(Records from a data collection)
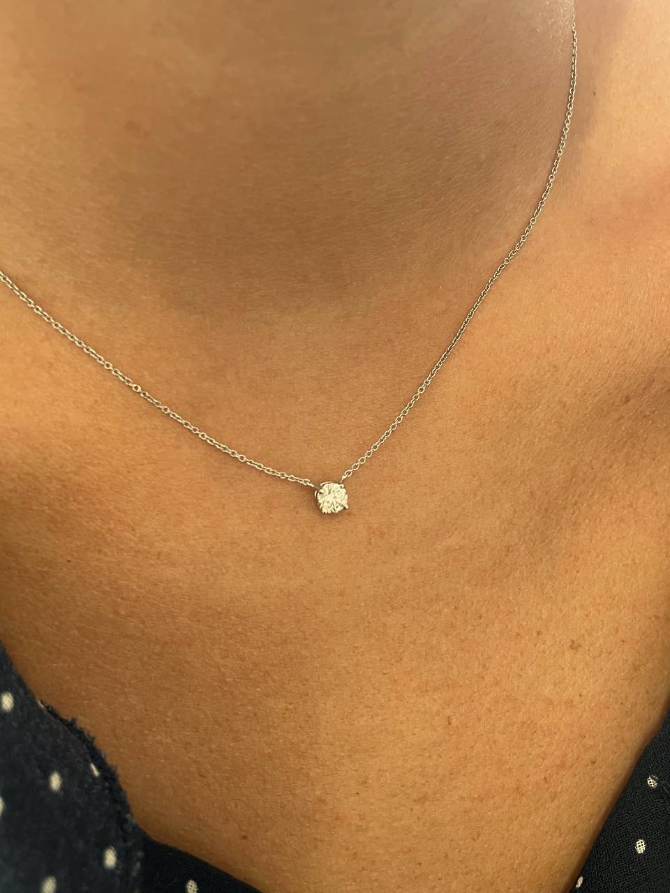 Small chain made of 18-karat gold , with a total weight of 1.90, 1.97 and 2.19 grams (0.30, 0.40 and 0.50 carats), composed of a 4-claw mount in the center with a brilliant-cut diamond of a weight of 0.30, 0.40 and 0.50 carats .
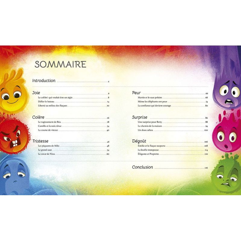 Joie, Colère, Tristesse, Peur, Dégoût et Surprise racontent aux enfants les histoires de petits animaux confrontés pour la première fois à des émotions nouvelles et intenses.
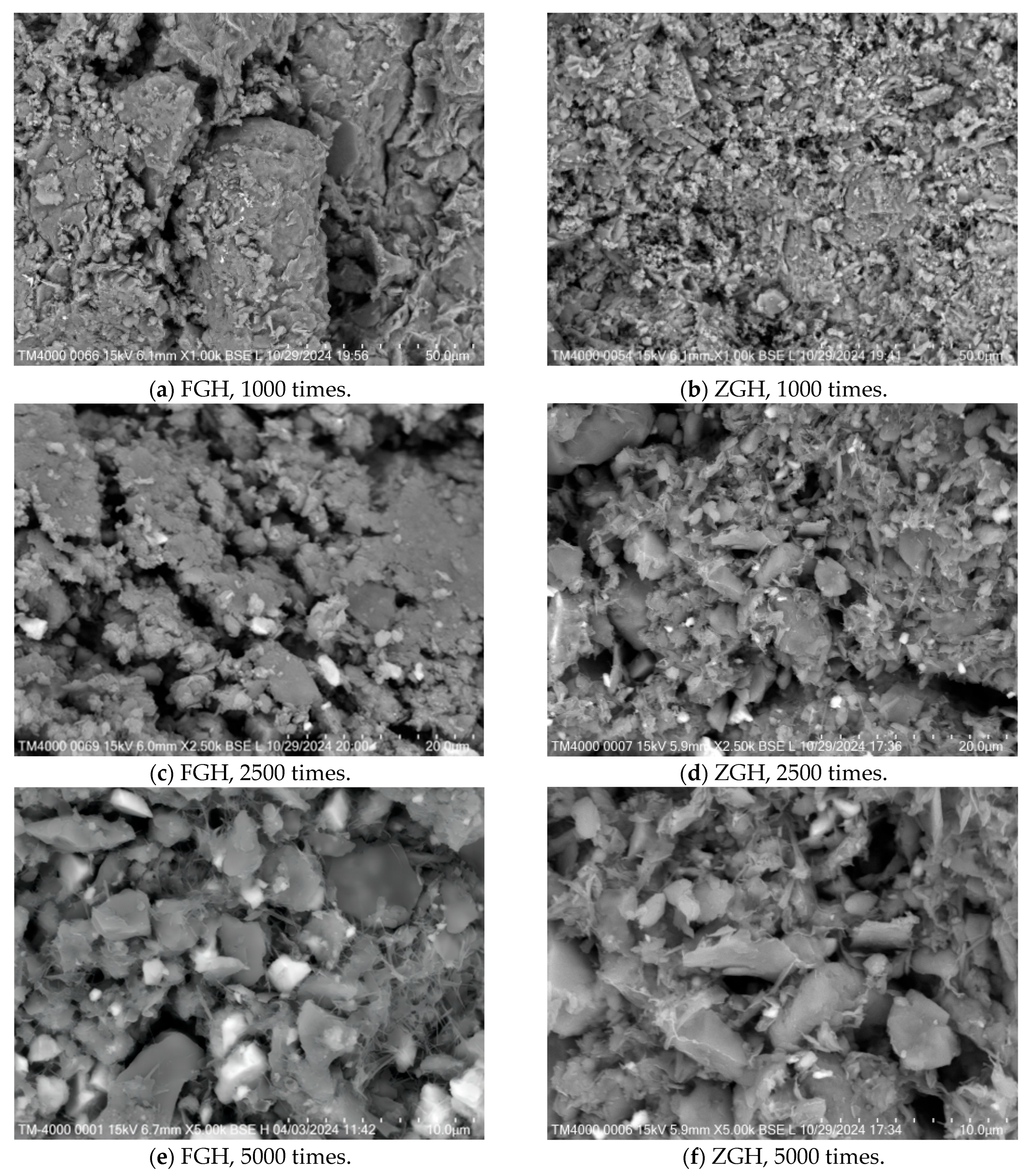 Based on the above data analysis, it can be known that after the water-based drill cuttings filler is added with a stabilizer, a series of physical and chemical reactions will occur inside the stabilized soil during the mixing and compaction process, promoting the formation of cementing substances between the mixtures. These cementing substances enhance the agglomeration of stabilized soil, making the soil structure more compact. Meanwhile, the ettringite crystals produced by the cement in the CLP stabilizer exert a mechanical interlocking effect [
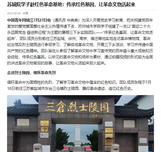 为深入开展党史学习教育,把庆祝建党百年激发的爱党爱国爱社会主义热情传递下去,苏州城市学院学子组建了一支以“喜迎二十大,永远跟党走,奋进新征程”为主题的暑期三下乡实践团队——“传承红色基因,让革命文物活起来”,团队成员分别前往江苏盐城、徐州、南京、宿迁等地实地走访革命博物馆、革命纪念馆及烈士陵园进行参观学习,了解各地革命文物,开展三下乡活动,学习并传递中国共产党的红色精神。团队旨在从参观了解革命文物中学习宣传党的百年奋斗重大成就和历史经验,传承红色基因。以所见的革命文物和场所为素材,通过拍摄视频的形式较为全面的讲述革命文物背后的故事,让革命文物从活起来到火起来。
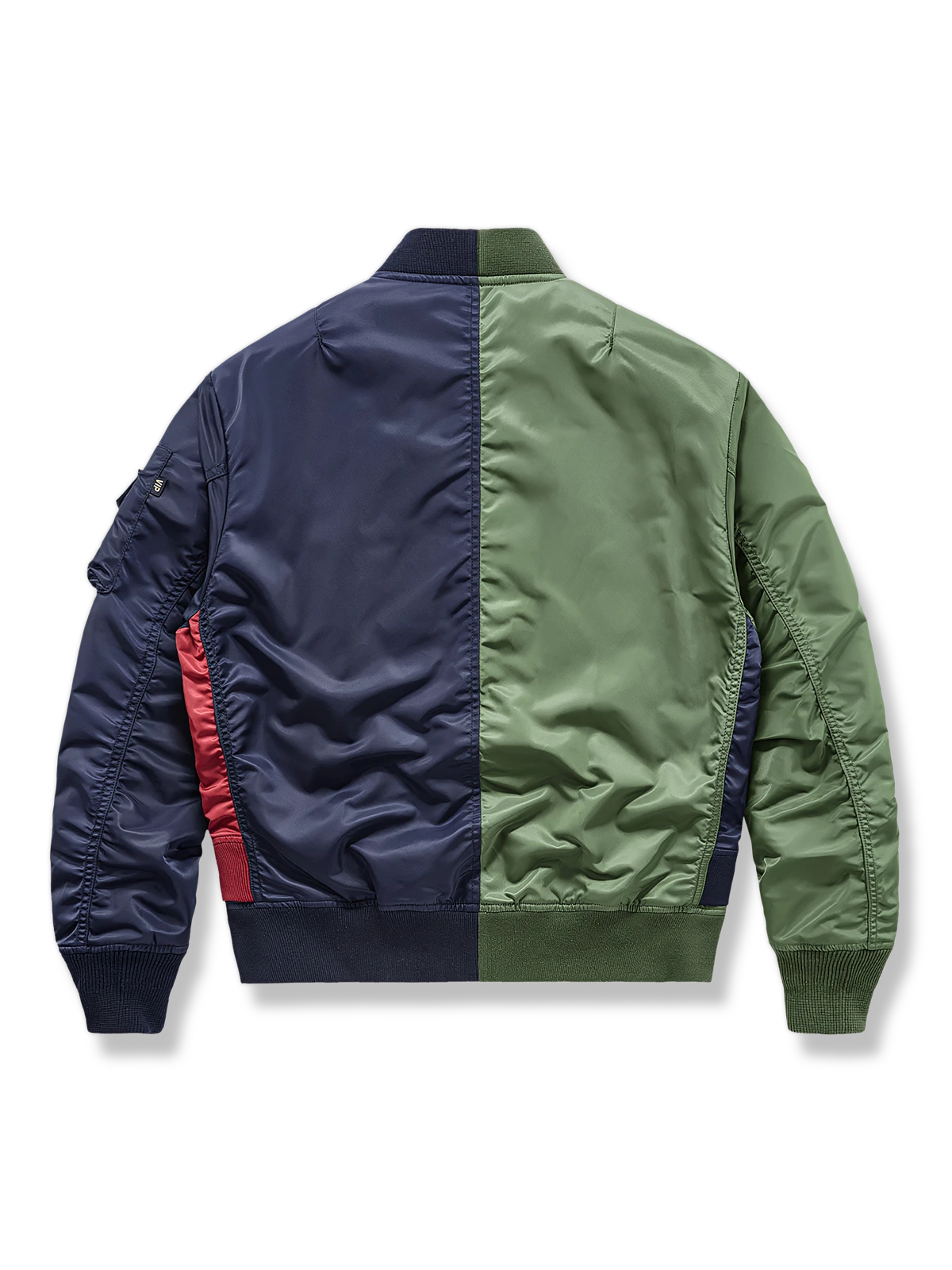このカラーブロッキングのパイロットジャケットは、ベーシックなジーンズやカジュアルパンツと合わせて、カジュアルながらも個性的なファッション感を表現できます。シンプルなスニーカーやカジュアルシューズを合わせることで、全体のスタイルに活気を加えることができます。
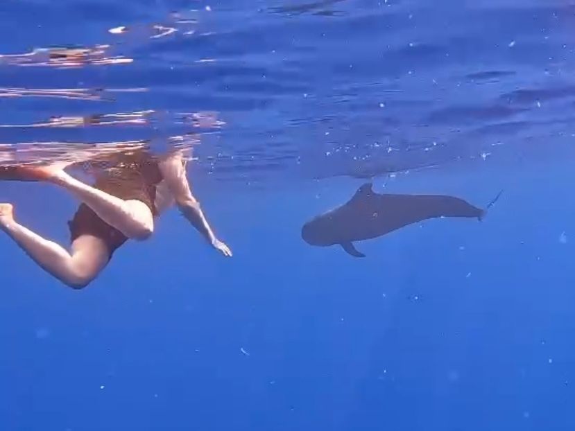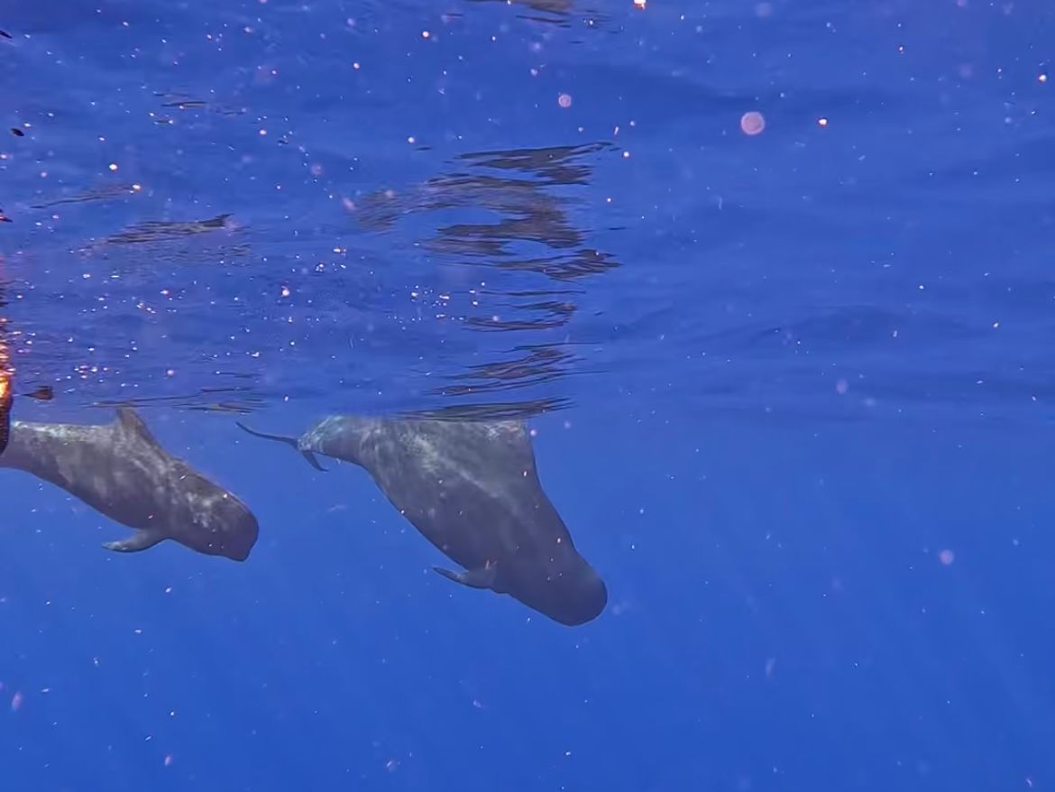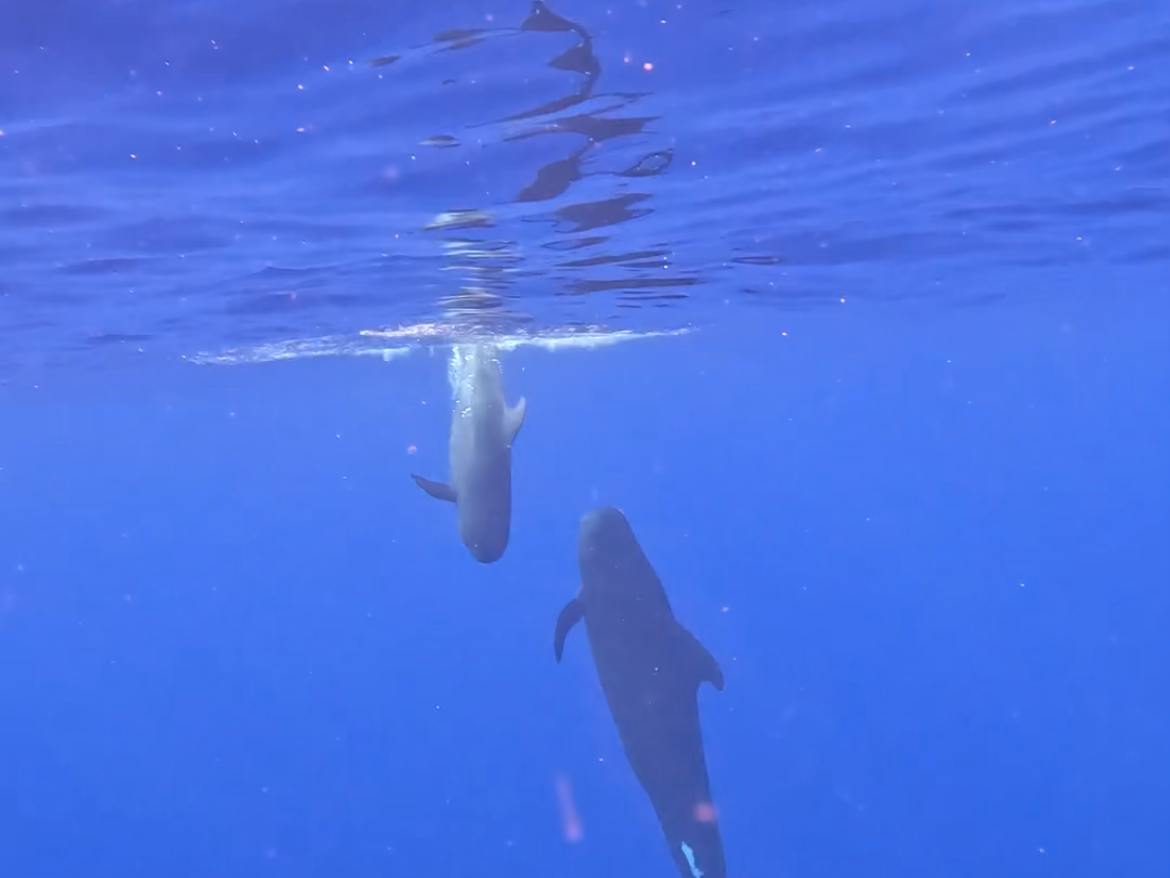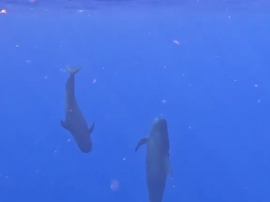 お父さん、お母さん、子供の3頭で、最初のうちはお父さんが警戒していましたが、敵ではないと分かったらしくお母さんが子供に呼吸の仕方を、私達の目の前で何度も繰り返しトレーニングしてくれました!何度かは真下から上がって来て、少し怖いぐらいでした(笑)その後さよならしたのですが、何と!再びお母さんと子供が戻ってきて、子供を紹介する様に、再び私達に泳いでいる子供を見せにきてくれました!!
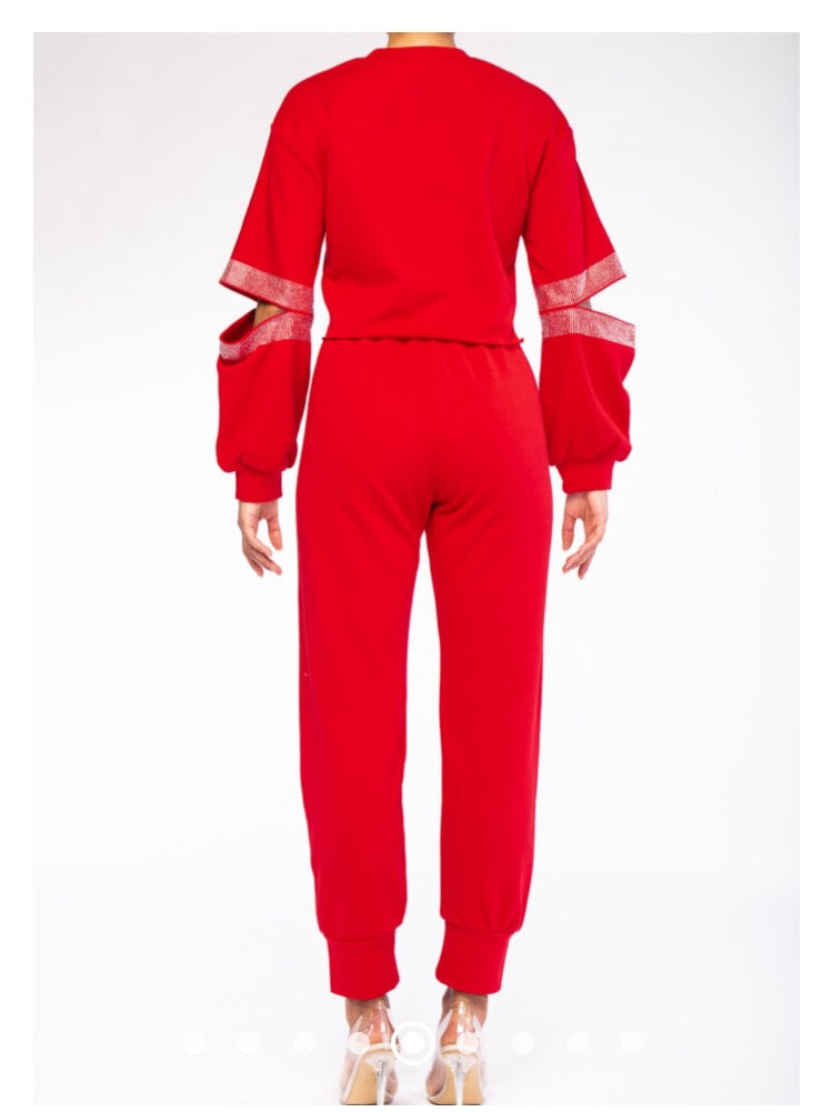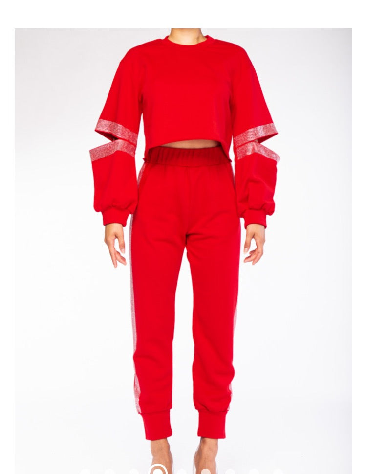 Red jogger-60%cotton,40%polyester with rhinestone on the elbow area and on the sides of the pants

EXERCISE REQUIREMENTS =>
Take the line containing "このカラーブロッキングのパイ" and all lines after it to the end of the data above, and reproduce them exactly, leaving out pictures. Nothing else belongs in the copy.

ANSWER TO THIS EXERCISE =>
このカラーブロッキングのパイロットジャケットは、ベーシックなジーンズやカジュアルパンツと合わせて、カジュアルながらも個性的なファッション感を表現できます。シンプルなスニーカーやカジュアルシューズを合わせることで、全体のスタイルに活気を加えることができます。
 お父さん、お母さん、子供の3頭で、最初のうちはお父さんが警戒していましたが、敵ではないと分かったらしくお母さんが子供に呼吸の仕方を、私達の目の前で何度も繰り返しトレーニングしてくれました!何度かは真下から上がって来て、少し怖いぐらいでした(笑)その後さよならしたのですが、何と!再びお母さんと子供が戻ってきて、子供を紹介する様に、再び私達に泳いでいる子供を見せにきてくれました!!
 Red jogger-60%cotton,40%polyester with rhinestone on the elbow area and on the sides of the pants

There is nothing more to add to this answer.